Popping the Hood: Your Brain on Improv

 

I spend a lot of time wondering why some people are great at improv and some suck.  I also wonder why I might be on fire one night and ice cold the next.

Is it the pre-show warm-up?  My attitude?  What I ate for dinner?  My personal life?  Eye contact?  What is that magic potion I can mix up so I can nail every show?

To find the answer, let’s throw some rappers in an MRI machine.

According to this article, “Freestyle rappers essentially shut down the parts of their brains that might disrupt their creative flow.”

Get that?

Your brain disrupts your creative flow.

Here’s the deal.   Freestyle rappers (or improvisers) ramp up activity in the medial prefrontal cortex.  It’s the part of the brain responsible for organizing and integrating information.  Makes sense, right?  Good improvisers are able to juggle the details of a scene pretty handily.

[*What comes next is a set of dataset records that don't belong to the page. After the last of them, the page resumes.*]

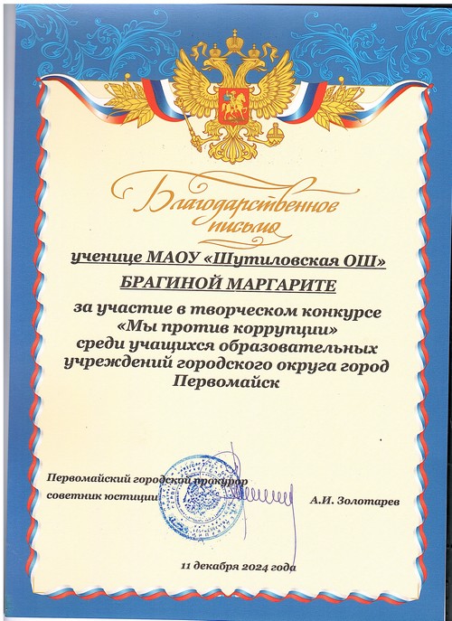Обучающиеся 3-7 классов МАОУ «Шутиловская ОШ» приняли активное участие в творческом конкурсе «Мы против коррупции» среди учащихся образовательных учреждений городского округа город Первомайск, который проводился Первомайской городской прокуратурой Нижегородской области.
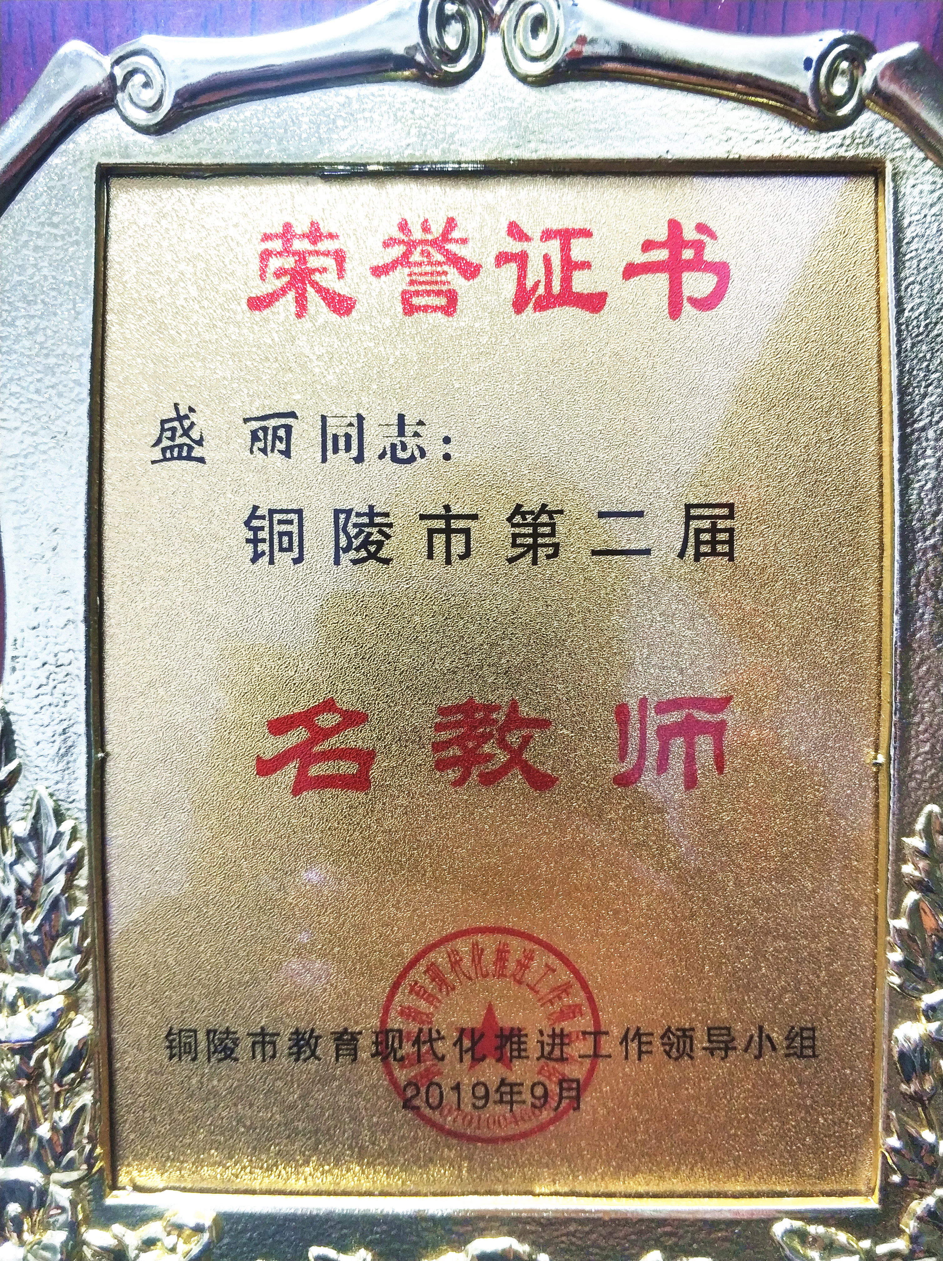 她長(zhǎng)期深耕語(yǔ)文教學(xué),成果豐碩,于2019年當(dāng)選為銅陵市第二屆“名教師”。
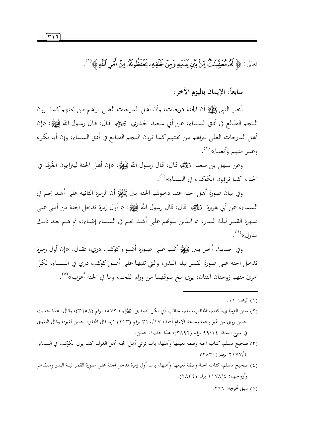 (¬3) صحيح مسلم، كتاب الجنة وصفة نعيمها وأهلها، باب ترائي أهل الجنة أهل الغرف كما يرى الكوكب في السماء: 4/ 2177 برقم (2830).
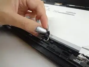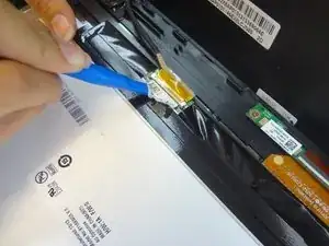 Используйте инструмент для вскрытия, чтобы отлепить клейкую этикетку, фиксирующую кабель ЖК к дисплею.
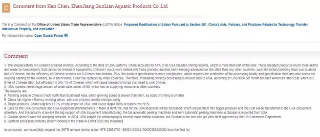 湛江國(guó)聯(lián)水產(chǎn)開發(fā)股份有限公司委托其美國(guó)分公司Sunnyvale Seafood,8月13日致信USTR,請(qǐng)求將進(jìn)口蝦類產(chǎn)品(HS:03061700、HS:16052110)從征稅列表中刪除。
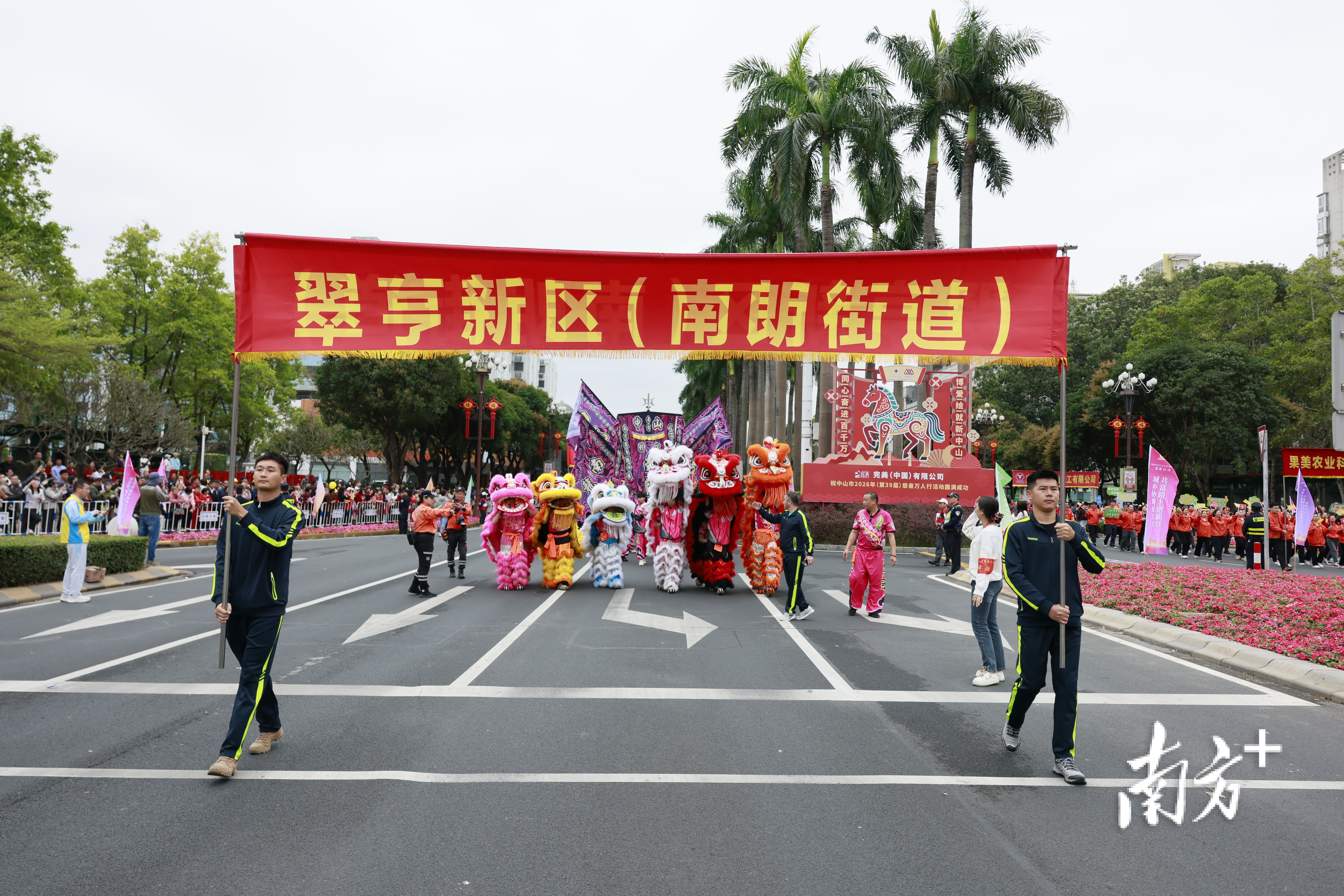 3月3日清晨,第39届中山慈善万人行巡游如约而至,兴中道与博爱路交界处锣鼓喧天、龙腾狮跃,为巡游活动添上浓浓祥瑞气息。由全市各界组成的260多支巡游队伍、1万多人昂首阔步、浩荡前行,与沿街市民游客热情互动。
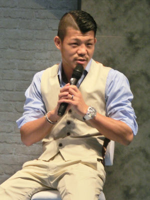 トークショー後、記者が控室で亀田興毅選手を取材。
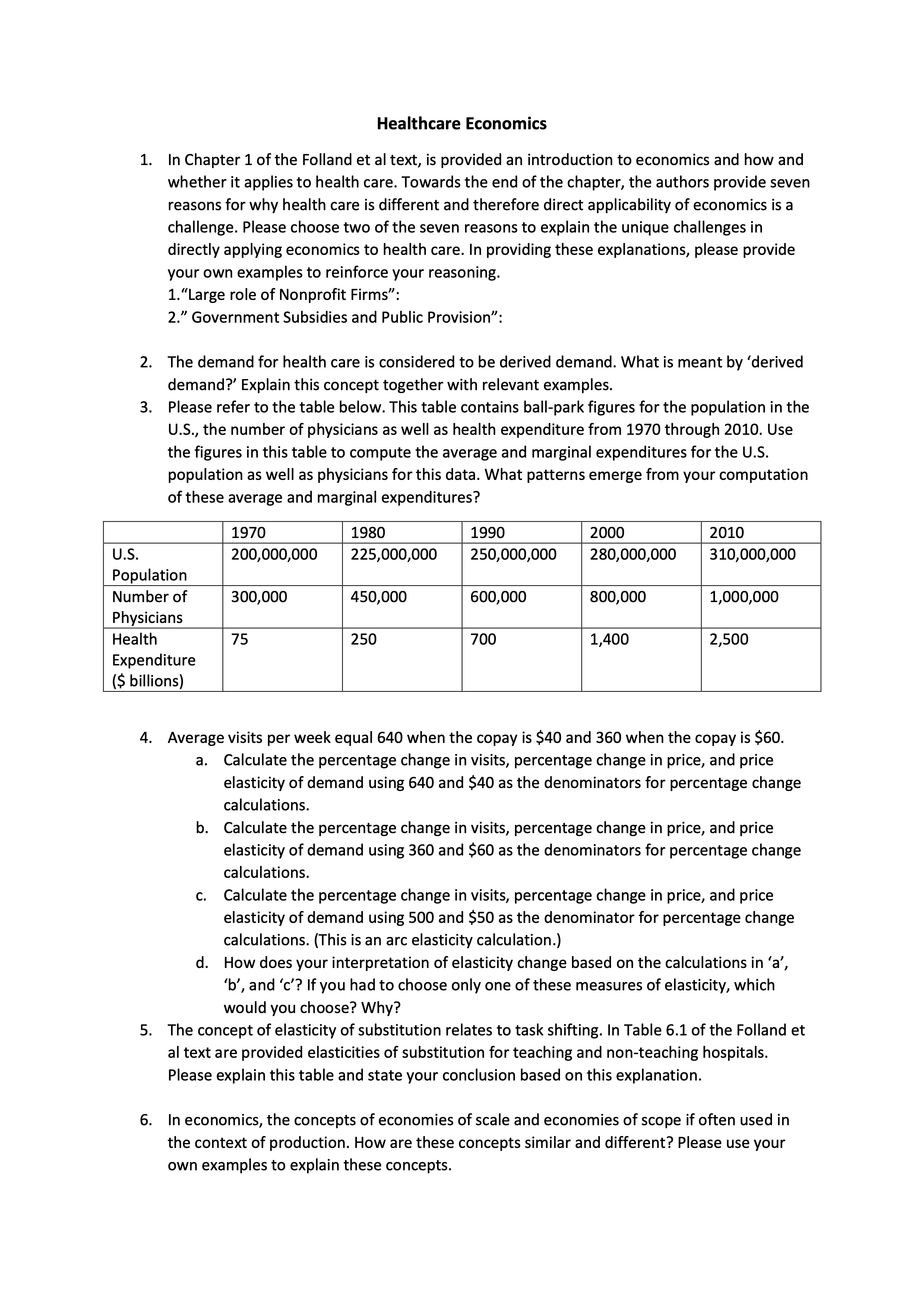 Healthcare Economics 1. In Chapter 1 of the Folland et al text, is...
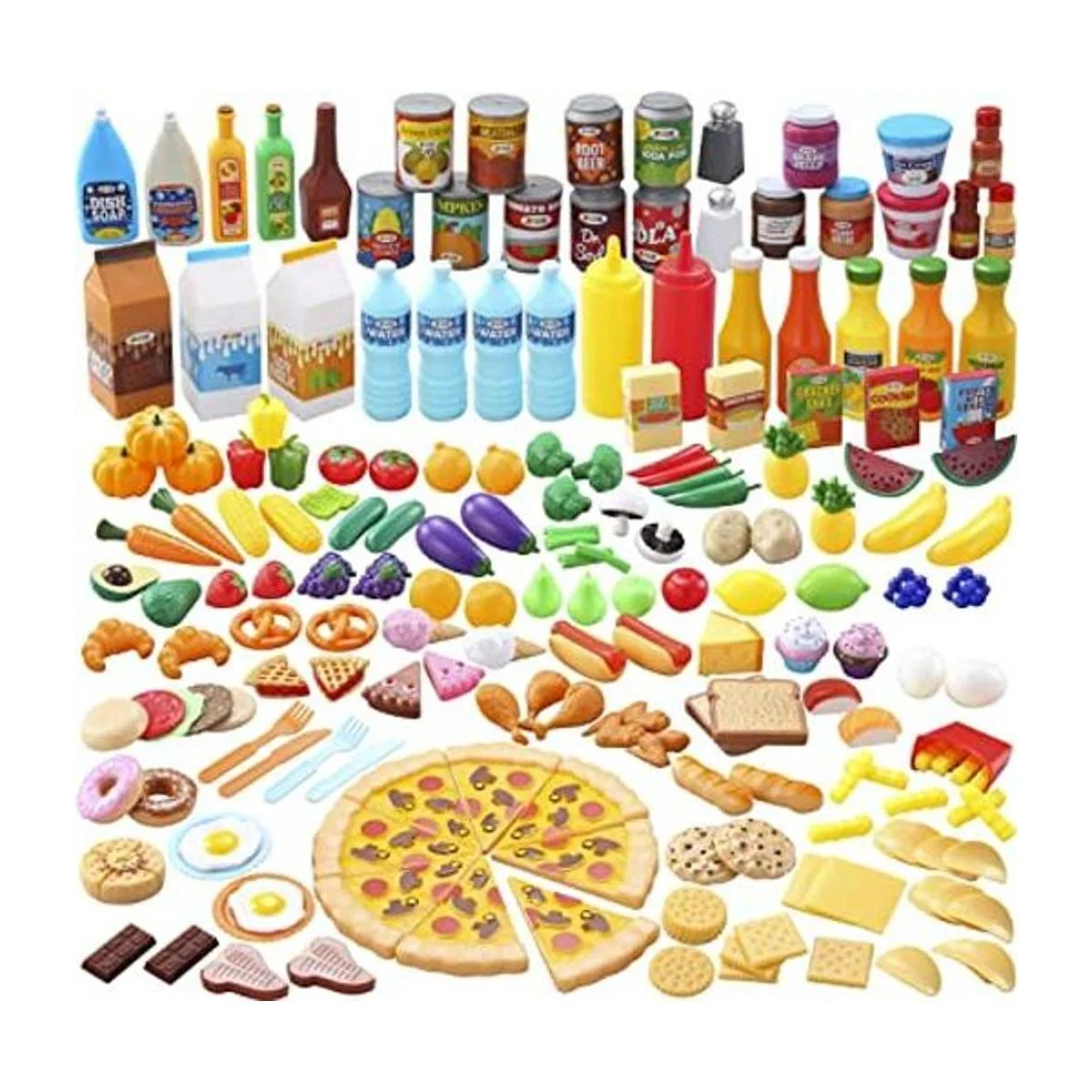 Paquete: Este set de accesorios de cocina está formado de 200 piezas de juguetes de mentiras para niños. Incluye frutas, verduras, latas de alimentos, latas de refrescos, postre, botella de salsa, botella de condimento, caldo de pollo, jabón de lavar platos y muchos más.
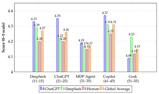 The Cronbach’s indicates good internal consistency among the three models (ChatGPT, DeepSeek, and Qwen), satisfying the conventional threshold () for acceptable reliability in group-level research. Despite minor systematic differences in absolute scoring—such as Qwen’s slightly lower mean (4.17) compared to ChatGPT’s (4.27)—the models exhibit consistent relative judgments, meaning they rank paragraphs similarly in terms of clarity and unity. Because Cronbach’s assesses the reliability of the composite score rather than absolute agreement, these small calibration biases do not compromise the validity of the aggregate measure. Consequently, the Overall Average column in Table 5 can be treated as a trustworthy and stable proxy for paragraph quality in downstream analyses.
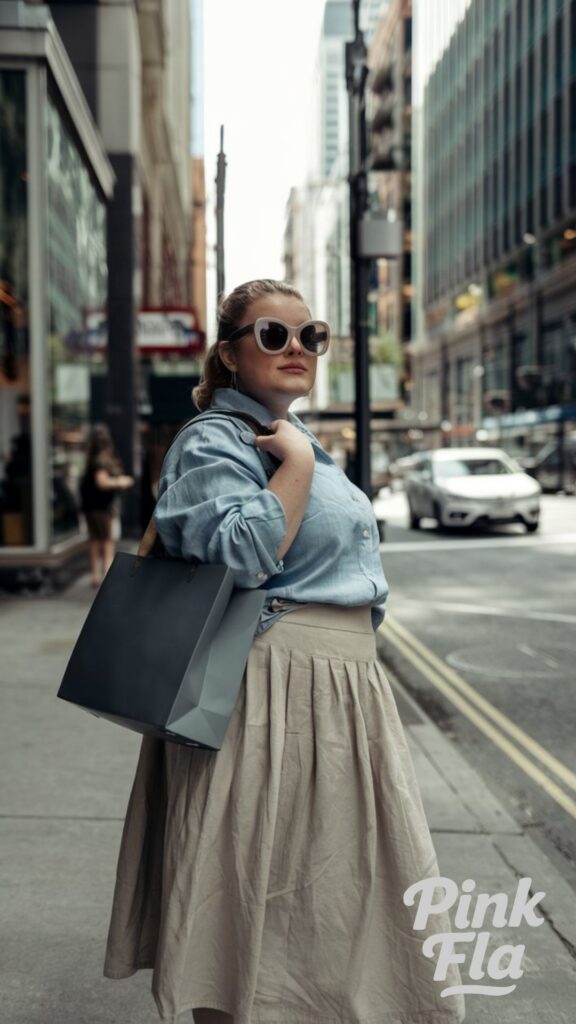 This plus-size woman redefines casual elegance with a refined yet approachable look built on soft tones and modern classics. Her pleated sky-blue skirt flows just right, striking the perfect balance between structure and grace. Paired with a crisp white button-down shirt—knotted casually at the waist—this outfit feels fresh, light, and quietly polished.

The part that screws you up on stage?  That’s the dorsolateral prefrontal cortex.  It’s in charge of self-control, self-monitoring and self-censoring.

Translation:  If you focus on yourself, you’re screwing yourself up.

Nerd quote: “If an athlete starts paying attention to what they’re doing, how they’re going to move their body to catch a ball, they’ll clutch and they won’t do it.” – Dr. Allen Braun

Remember when you first learned how to play “catch”?  You sucked at it.  That’s because you were telling your body what to do.  Now, if someone whips a ball at you, you’ll catch it without thinking.  (Remember the moment at 13:36 in “Awakenings”?  Your body seemingly reacts without thinking.  You are thinking, just not consciously.)

Why is it so hard to recreate or reconstruct what led up to a killer improv moment?  Because you weren’t thinking of how to make that happen.  It’s almost a dream state.  Your brain races, even though you’re not in control of it.  Words or reactions come out without a filter.  And it seems perfect.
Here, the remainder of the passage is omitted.